There is almost no public recording of the voices we build for.
Open speech corpora are full of fluent younger adults reading clean sentences. They contain almost nothing that sounds like a 91-year-old with post-stroke speech in a noisy nursing wing. You cannot model a distribution you never sampled — so we go and sample it.
Every bias we have written about — accent, age, gender — traces back to the same root cause. A model can only learn the voices it was shown, and the voices it was shown came from a handful of large public corpora. Those corpora are extraordinary engineering achievements and they contain almost nobody like our residents. The frail aged voice is not underrepresented in the training data. For most practical purposes it is absent.

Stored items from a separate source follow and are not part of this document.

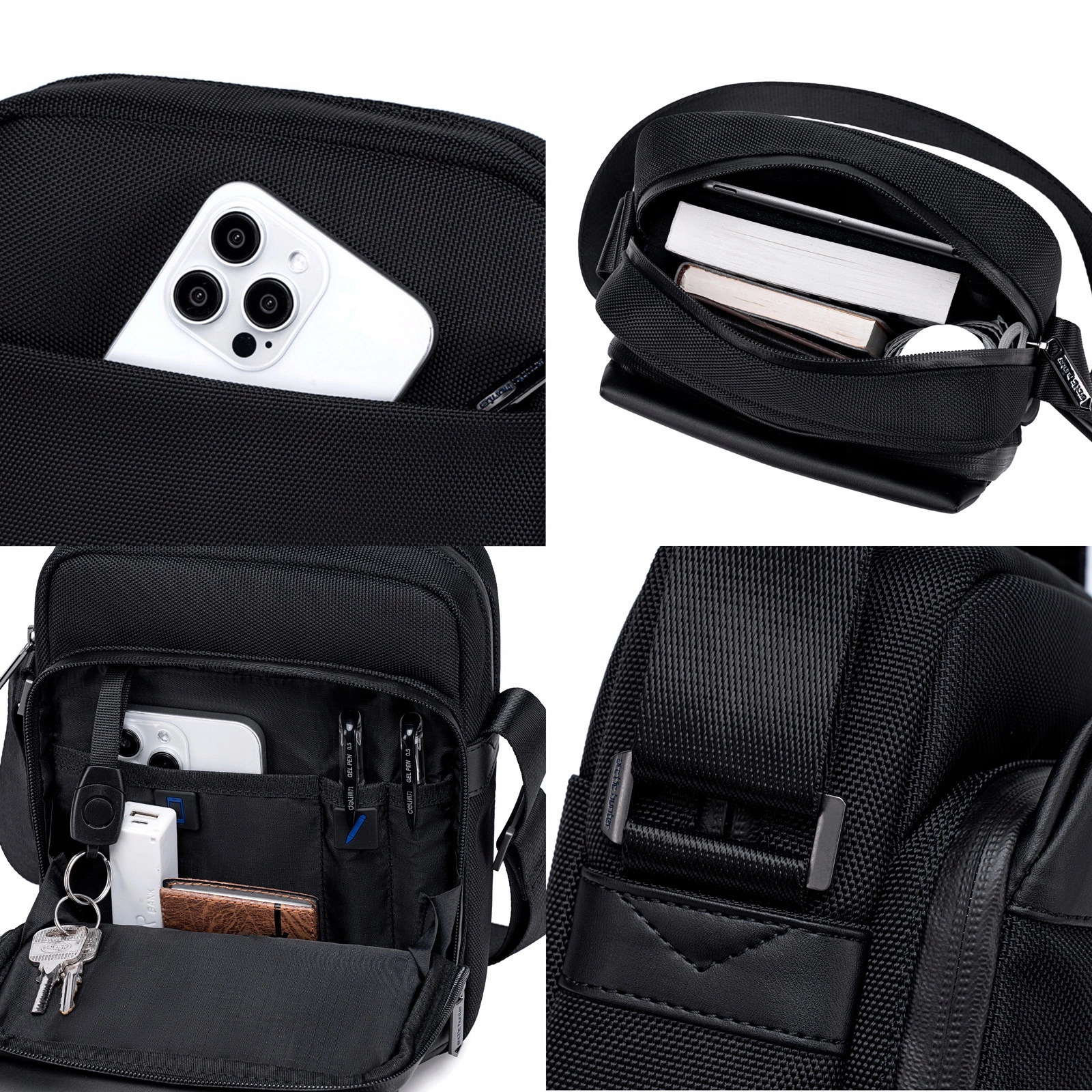 Saszetka męska czarna na ramię torba miejska wodoodporna biznesowa stylowa funkcjonalna 3,4 L Arctic Hunter K00679Black
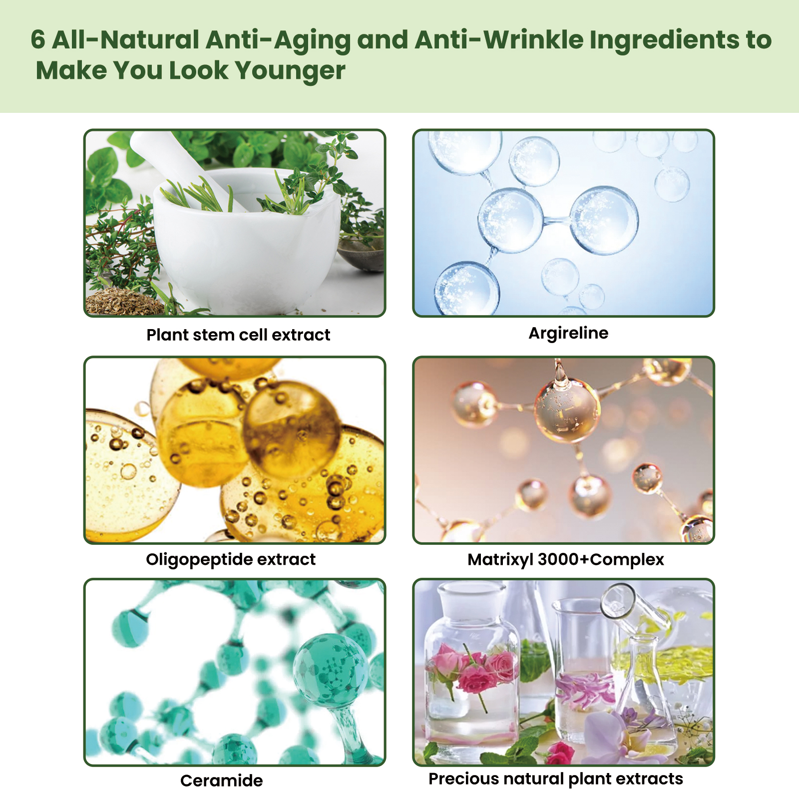 Our ceramide firming serum contains plant stem cell extract, oligopeptide extract, ceramide. It helps to deep maintain and fade wrinkles. Its application is simple: apply it every morning and evening after cleansing, massage 3 to 4 drops onto the face and neck, it is suitable for all skin types, and you can mix it with other ingredients. This serum is safe for all skin types, including sensitive skin. Stimulate collagen production, eliminate wrinkles, repair damaged skin, moisturize and whiten.
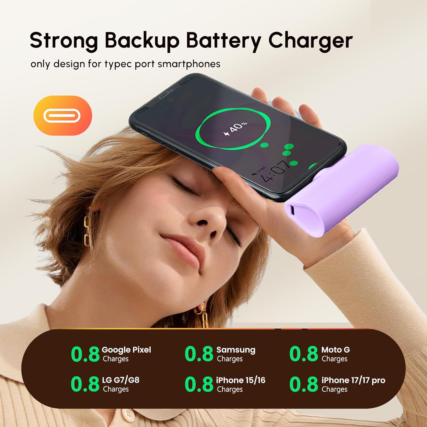 4800mah Emergency Portable Charger: Just small capacity but be a perferct backup power bank in daily life. Only plug into your phone’s usb c port, then the mini battery pack will charge you phone fully within 1-2 hours.(It depends on the phone’s battery level).
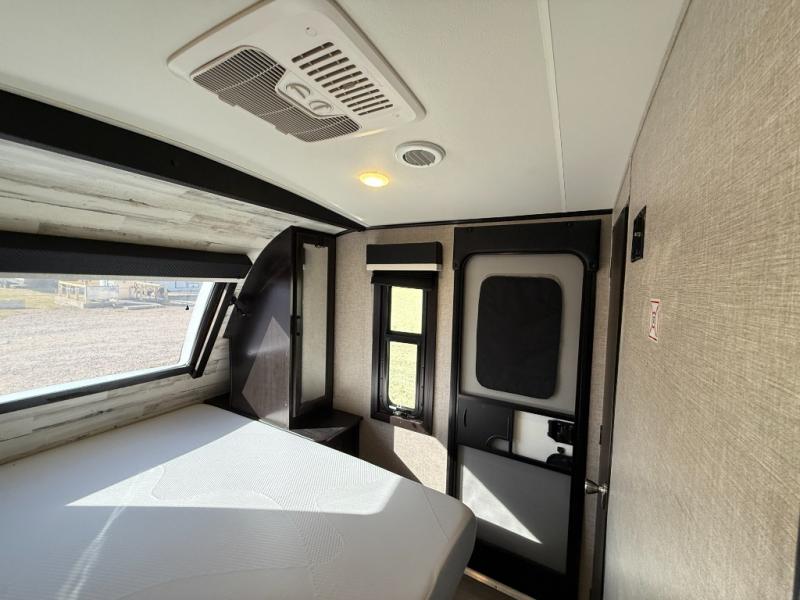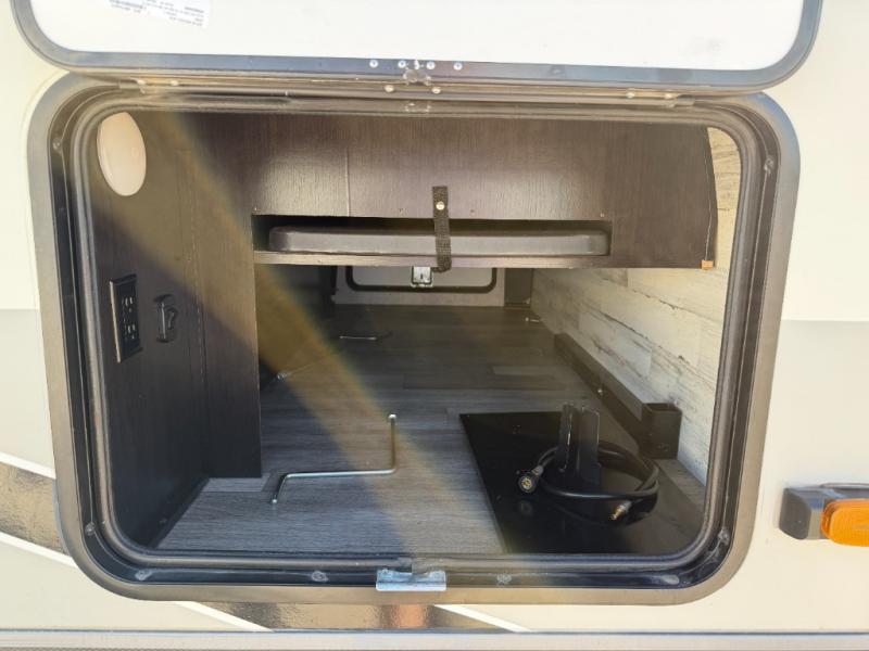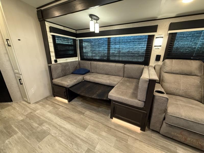 Bring the whole family along in this spacious travel trailer. You will love visiting outside while the chef of your group prepares breakfast on the outdoor kitchen, plus there is a 21' power awning to shade you from the sun. If the weather isn't cooperating, head inside and dine around the U-shaped dinette. There is also a tri-fold sofa here, a fireplace, and an LED TV for movies. This model conveniently has dual entry doors so you can enter in through the main living area, or into the front private bedroom. The bedroom also features a queen bed, dual wardrobes, and a closet to keep your items organized. Start camping today!

The hole in the public data
Walk through what the open corpora actually contain and the gap is stark:
- Read, not spontaneous. Most data is people reading prepared sentences in a quiet room. Our residents speak haltingly, off-script, mid-cough, with a roommate's TV behind them.
- Young, not old. Speaker age skews to working adults. Recordings of the 85-plus are rare, and recordings of the 85-plus with a clinical speech condition are nearly nonexistent.
- Healthy, not impaired. Dysarthric and post-stroke speech corpora exist but are tiny, often a few dozen speakers, and rarely cleared for commercial training.
- The consent wall. The people whose voices we most need to model are a vulnerable, often cognitively impaired population. Collecting their speech responsibly is genuinely hard — which is part of why nobody has, and part of why we will not cut corners doing it.
You cannot evaluate fairness on a cohort you have no data for, and you certainly cannot fix it. The dataset gap is upstream of every metric. It is the thing that makes the bias structural rather than incidental.
What we actually do about it
We treat data collection as core engineering, not a side project, and we do it carefully.
- Consented, in-facility capture. With explicit, revocable consent from residents or their proxies, and with facility and IRB-style review, we build a small but real corpus of the voices we serve — in the actual acoustic conditions they live in.
- Events, not archives. Consistent with how the whole product works, we keep what is needed to improve recognition and discard raw audio aggressively. The goal is a better model, not a recording library.
- Targeted augmentation. We take the limited real aged speech we have and expand it synthetically — adding tremor, breathiness, lower f0 stability, slower rate, and realistic bedside noise — so the model sees the failure modes far more often than the raw hours alone would allow.
- Eval first. Before any of it touches training, it goes into the sliced eval set, so we can prove a change helped the worst-served cohort instead of just assuming it did.
Augmentation is a bridge, not a destination — a synthetic tremor is an approximation of a real one, and we are honest with ourselves about that. But it lets us start closing the gap today instead of waiting for a corpus that the industry has shown no sign of building.
The principle underneath is plain. If the people we serve are missing from the data, they will be missing from the product, and the most underserved voices in the building stay underserved. So we go room by room, with consent, and put them back into the distribution — because a model that has never heard a voice like yours was never going to listen to you well.